Earthlings have long considered the possibility of colonizing Mars, but so far this planet is completely unsuitable for life, at least due to the low temperature. Now American physicists have proposed a way to warm the Red Planet with the help of metal nanoparticles sprayed on its surface. This method could seal the atmosphere and melt subsurface ice.


Traces of large rivers, streams, and reservoirs have been discovered on the surface of Mars long ago, indicating that the Red Planet was habitable. It is now a desert with ice caps at the poles and liquid water below the surface. Mars was left without water by an event that stripped it of its dense atmosphere; today, it is a thin layer of carbon dioxide that is 61 times less dense than Earth’s atmosphere.

The greenhouse effect is therefore too weak to maintain a suitable temperature: the current atmosphere adds only five kelvins to the temperature. And these conditions would not allow life to arise or at least to survive if brought from Earth.

Some temperature fluctuations occur during dust storms; one such effect was recorded in 2018, when a “dust blanket” covering the Red Planet heated the air near the surface by almost one kelvin.

To return Mars to its former temperature, a group of American physicists proposed to sprinkle artificial dust made of nanorods of aluminum and iron on its surface. Blown tens of kilometers away by the wind, Martian dust scatters and absorbs thermal radiation. A similar aerosol effect can be achieved using nanoparticles the size of ordinary sparkles. The results of the scientific work are published in the journal. Science Developments .

Using a climate model with a multilayered atmosphere, physicists simulated the effect of nanorods nine micrometers long and 0.16 x 0.16 micrometers in cross-section (60:1 aspect ratio). Calculations showed that this type of metal dust, which obeys Brownian motion, absorbs and scatters sunlight more actively than Martian dust and will settle over about 10 years.

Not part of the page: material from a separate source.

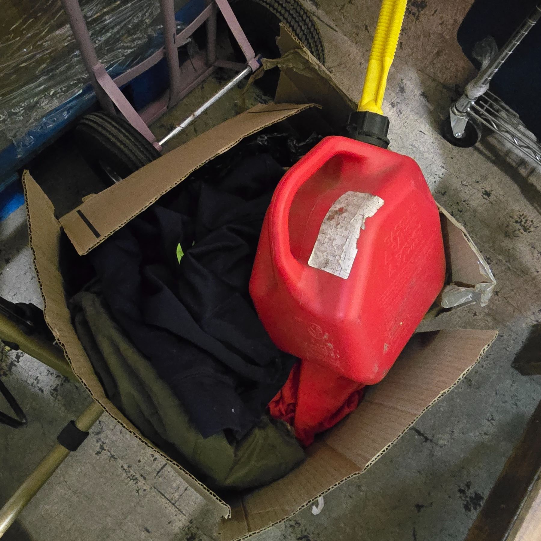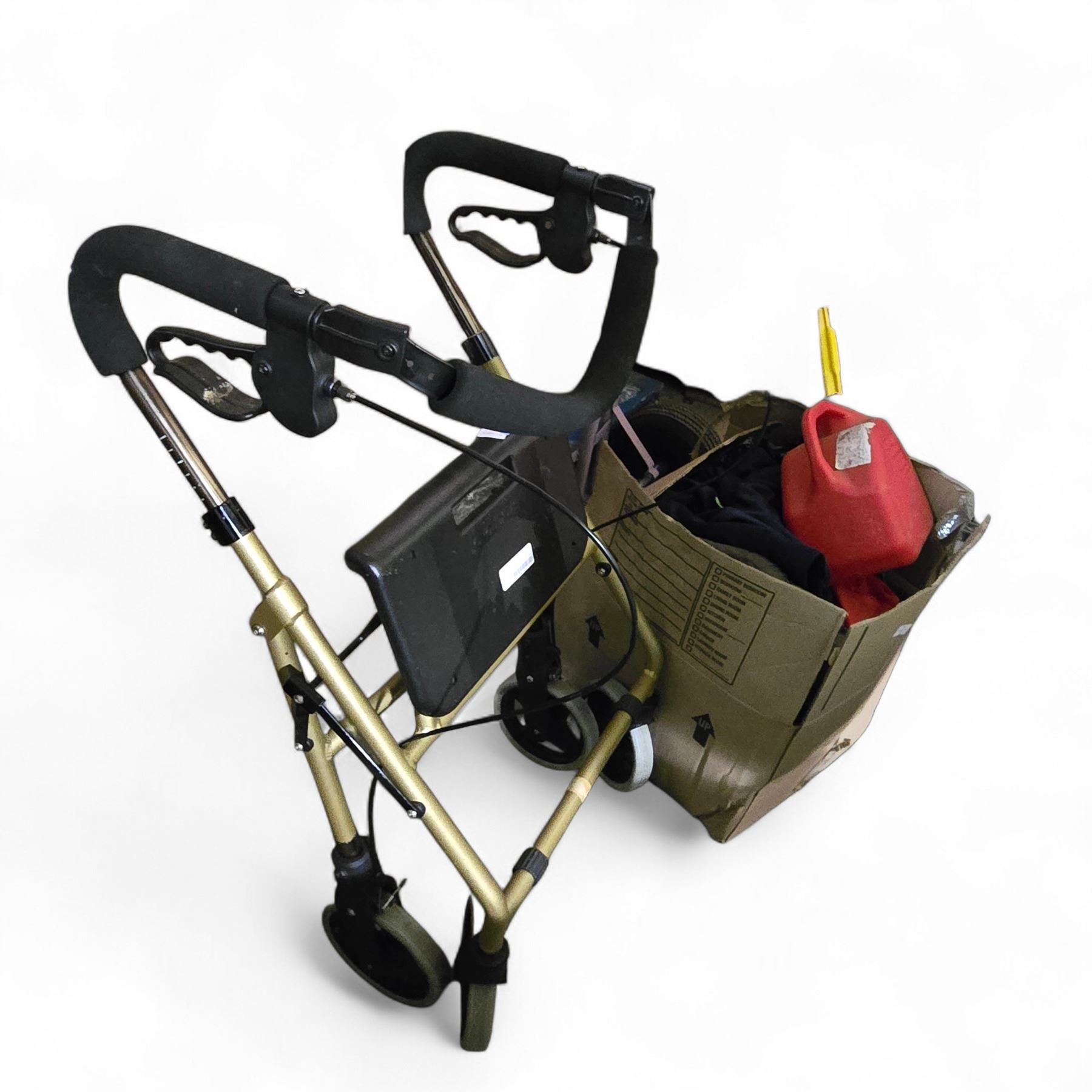 Group of Rolling Walkers, Gas Can, Clothing, Etc.

The greenhouse effect that would occur after the nanoparticles were sprayed during the hottest part of the year would create conditions almost five thousand times more effective than current conditions in melting groundwater.

The first emission, as scientists say, could be carried out using a pipe up to 100 meters high and at a speed of 30 liters per second (for comparison, a typical garden sprinkler sprays one liter of water per second). The lifetime of the particles could be increased if the design allowed the particles to rise on their own, instead of waiting for the strong Martian wind. The model showed that such an aerosol could raise the planet’s global temperature to 245 Kelvin, or minus 28.15 °C. The current average temperature is 210 Kelvin, or minus 63 °C.

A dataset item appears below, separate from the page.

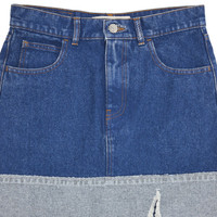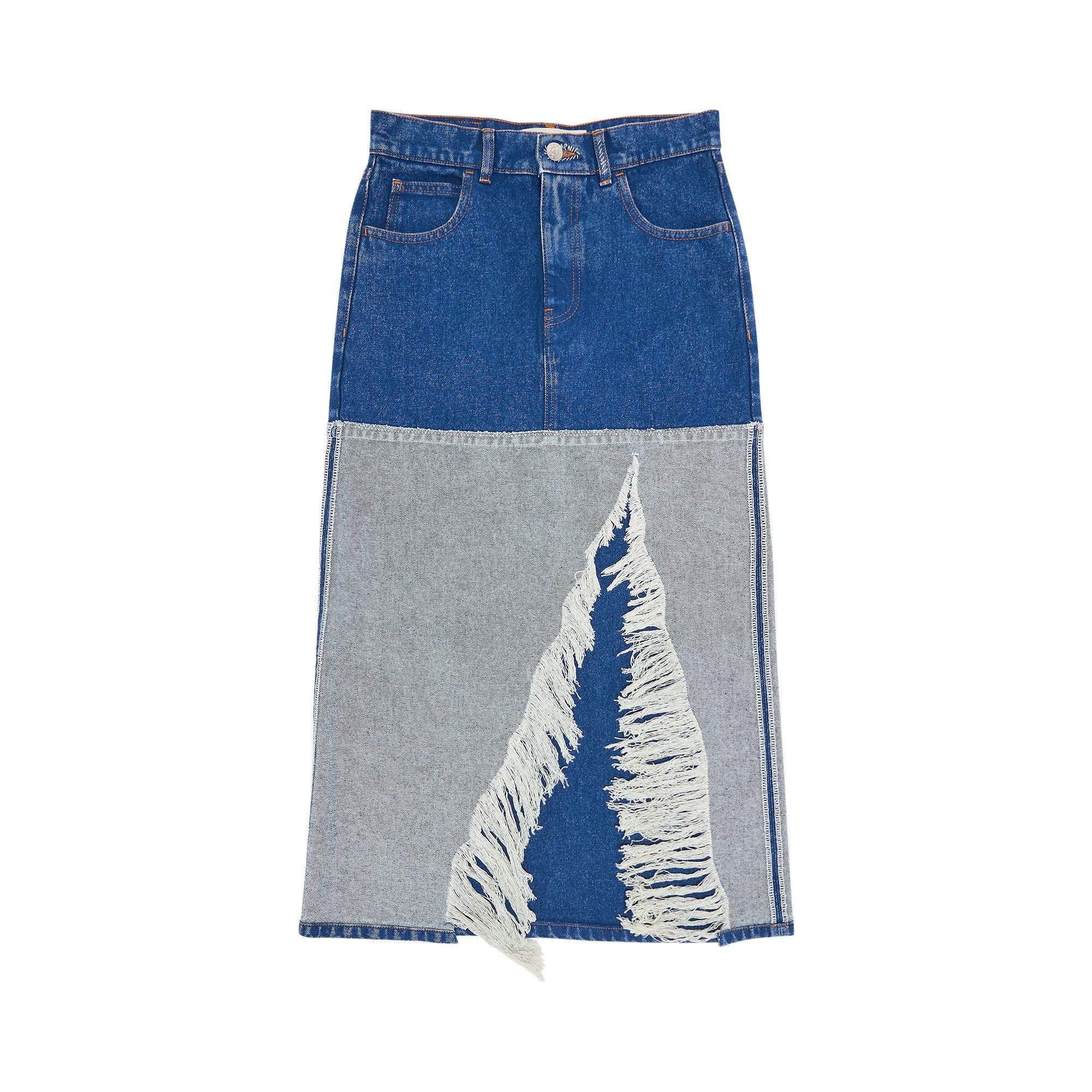 BLUE ORGANIC DENIM TWO-TONE MIDI SKIRT

According to physicists, after a few months of warming, the atmospheric pressure on the Red Planet will increase by about 20%, and then by another 2-20 times. It may take centuries for the atmosphere to compress; that’s how long it takes for carbon dioxide to evaporate. However, researchers emphasized that such warming will not make Mars suitable for life with oxygenic photosynthesis. There is not enough oxygen in the Martian air for cyanobacteria, and there is too much perchlorate in the soil.

The proposed method has several disadvantages. First, the particles will need to be coated with a thin hydrophobic material to prevent them from icing up.

Second, creating such a large number of nanorods would require one percent of the world’s metal production. And they still need to be processed. Although the metal could be replaced with biosynthesized magnetite or carbon nanomaterials with a width of less than two nanometers. The authors of the study concluded that graphene could cope more effectively with the warming of Mars.